* **Assignment**
Only the lines below between the one holding "② 结算利率;结算利率是浮动" and the one holding "DIGIS MABT-88N Высококачественный", inclusive, are to be reproduced word for word; the pictures are to be left out.

* **Source data**
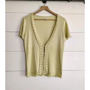 Women's Hannah Short Sleeve Green Cardigan Size Medium. Beautiful detail and super cute buttons.
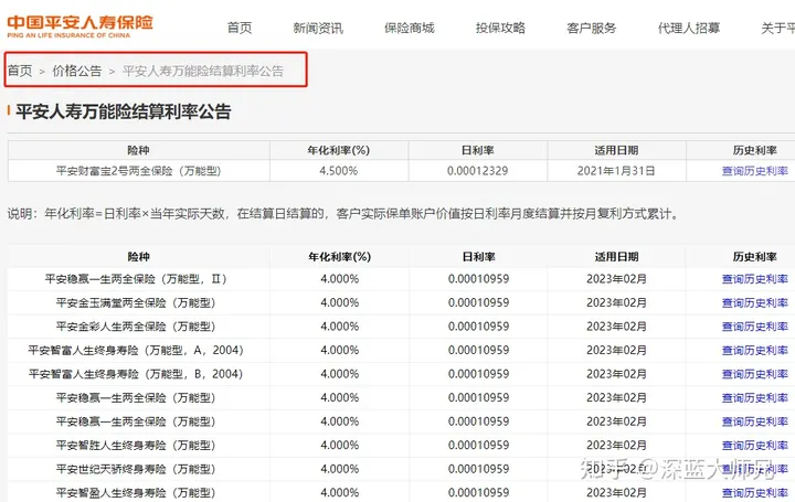 ② 结算利率;结算利率是浮动的,不确定的,目前来看,万能账户的结算利率通常在4%~5%之间摇摆。另外,结算利率一般都能在保险公司的官网上找到,每个月都会公布一次,比如平安的万能险账户:
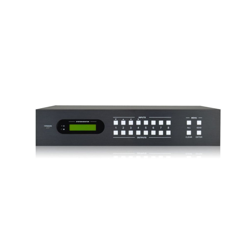 DIGIS MABT-88N Высококачественный матричный коммутатор 8x8 для преобразования сигналов HDMI в HDBT и может передавать его по кабелю на витой паре на расстояние до 70 метров. Он позволяет соединить любой из входов с любыми выходами или со всем выходам сразу. Прибор выполняет компенсацию АЧХ кабеля и перетактирование сигнала. Модель имеет расширенные фвозможности управления и осуществления предварительного просмотра контент
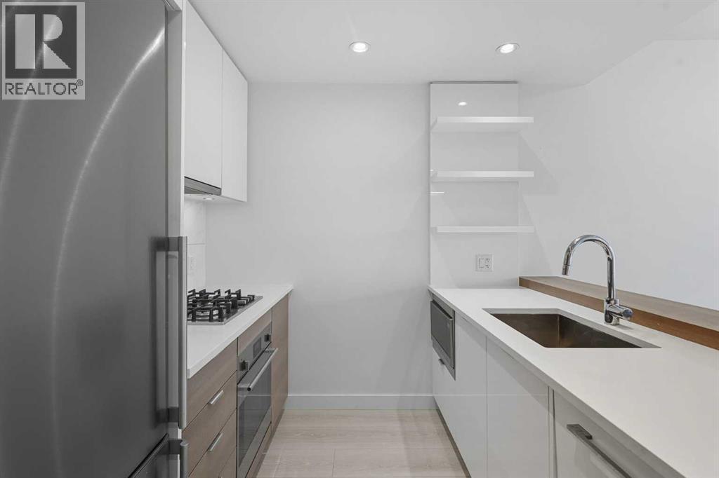 Welcome to Waterfront Parkside, where contemporary design meets an unbeatable downtown riverfront location. This 10th floor, 1 bedroom, 1 bathroom suite offers 468 sq. ft. of thoughtfully designed living space with east-facing views of the Bow River.The open layout features wide-plank flooring, quartz countertops, and a modern kitchen with stainless steel appliances including a Blomberg refrigerator and built-in oven, Fulgor gas cooktop and dishwasher, and in-suite Blomberg washer and dryer. Floor-to-ceiling windows bring in natural light, while the private balcony extends your living space and is equipped with a BBQ gas line. An assigned underground parking stall and storage unit are included.Residents of Waterfront Parkside enjoy exceptional amenities: 24-hour concierge and security, a fully equipped fitness centre, hot tub, steam room, owner’s lounge with kitchen, guest suite, and secured heated underground parkade with visitor parking.The location places you along the Bow River pathways, next to Sien Lok Park and steps from Prince’s Island Park. Downtown Calgary’s restaurants, cafés, and business district are within walking distance, with the planned Eau Claire LRT station adding future convenience and connectivity.Condo fees include gas, heat, and water.This is a fantastic opportunity to own a modern riverfront condo in one of downtown Calgary’s most desirable locations. Book a private showing with your favorite Realtor® today! (id:6769

* **Task result**
 ② 结算利率;结算利率是浮动的,不确定的,目前来看,万能账户的结算利率通常在4%~5%之间摇摆。另外,结算利率一般都能在保险公司的官网上找到,每个月都会公布一次,比如平安的万能险账户:
 DIGIS MABT-88N Высококачественный матричный коммутатор 8x8 для преобразования сигналов HDMI в HDBT и может передавать его по кабелю на витой паре на расстояние до 70 метров. Он позволяет соединить любой из входов с любыми выходами или со всем выходам сразу. Прибор выполняет компенсацию АЧХ кабеля и перетактирование сигнала. Модель имеет расширенные фвозможности управления и осуществления предварительного просмотра контент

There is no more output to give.